--- TASK REQUIREMENTS ---
Without the pictures, set down everything in the listing exactly.

--- EXERCISE DATA ---
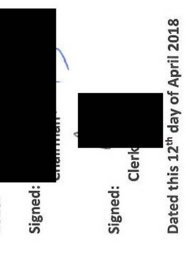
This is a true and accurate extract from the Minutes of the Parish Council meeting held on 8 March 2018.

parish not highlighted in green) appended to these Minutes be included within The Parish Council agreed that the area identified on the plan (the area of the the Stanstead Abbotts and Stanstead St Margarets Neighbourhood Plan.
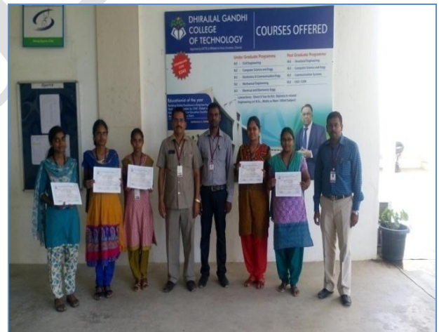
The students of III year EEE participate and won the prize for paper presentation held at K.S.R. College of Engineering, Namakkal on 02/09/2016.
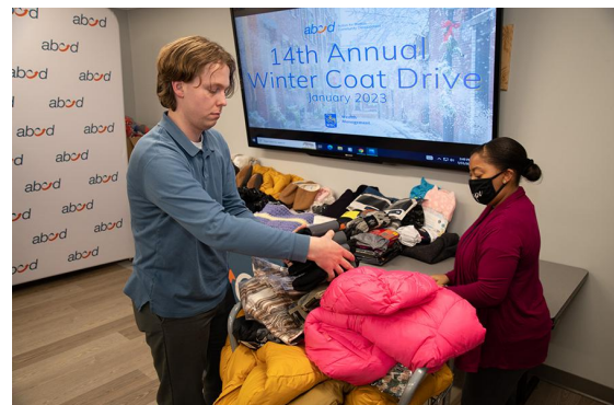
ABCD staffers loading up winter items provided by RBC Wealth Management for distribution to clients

--- EXERCISE RESULT ---
This is a true and accurate extract from the Minutes of the Parish Council meeting held on 8 March 2018.

parish not highlighted in green) appended to these Minutes be included within The Parish Council agreed that the area identified on the plan (the area of the the Stanstead Abbotts and Stanstead St Margarets Neighbourhood Plan.
The students of III year EEE participate and won the prize for paper presentation held at K.S.R. College of Engineering, Namakkal on 02/09/2016.
ABCD staffers loading up winter items provided by RBC Wealth Management for distribution to clients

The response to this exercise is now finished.